Time: MW 10:30am-12:00pm

Instructor: Honglak Lee

Instructor office hours: Tuesdays 2pm-4pm, 3773 BBB

GSI: Kihyuk Sohn

GSI office hours: Monday 3pm-4pm, Friday 2pm-3pm, 1637 BBB

Contact: For all questions, please use Piazza (registration required).

NOTE: Please note that this is a tentative syllabus and subject to change.

Course Description

The goal of machine learning is to develop computer algorithms that can learn from data or past experience to predict well on the new unseen data. In the past few decades, machine learning has become a powerful tool in artificial intelligence and data mining, and it has made major impacts in many real-world applications.

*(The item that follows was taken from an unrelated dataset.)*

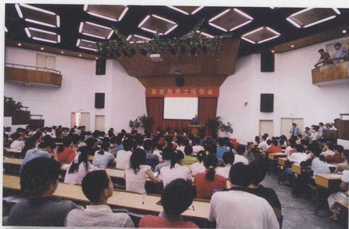
2001年度诺贝尔经济学奖获得者莫里斯来我校作学术报告

This course will give a graduate-level introduction of machine learning and provide foundations of machine learning, mathematical derivation and implementation of the algorithms, and their applications. Topics include supervised learning, unsupervised learning, learning theory, graphical models, and reinforcement learning. This course will also cover recent research topics such as sparsity and feature selection, Bayesian techniques, and deep learning. In addition to mathematical foundations, this course will also put an emphasis on practical applications of machine learning to artificial intelligence and data mining, such as computer vision, data mining, speech recognition, text processing, bioinformatics, and robot perception and control. The course will require an open-ended research project.

Text books

Chris Bishop, "Pattern Recognition and Machine Learning," October 1, 2007.
Hastie, Tibshrani, Fiedman, "Elements of Statistical Learning," Springer, 2010. (available online)
Sutton and Barto, "Reinforcement Learning: An Introduction," MIT Press, 1998 (available online)
(optional) Boyd and Vandenberghe, "Convex Optimization," Cambridge University Press, 2004. (available online)
(optional) Mackay, "Information Theory, Inference, and Learning Algorithms," Cambridge University Press, 2003. (available online)

Prerequisites

EECS 492: Introduction to Artificial Intelligence (This is an official prerequisite, but it is not accurate in that you can still take this course if you haven't completed EECS 492.)
Linear algebra (equivalent to MATH 217, MATH 417)
Multivariate calculus
Probability (equivalent to EECS 401)
Programming skills (equivalent to EECS 280, EECS 281, and experience in MATLAB)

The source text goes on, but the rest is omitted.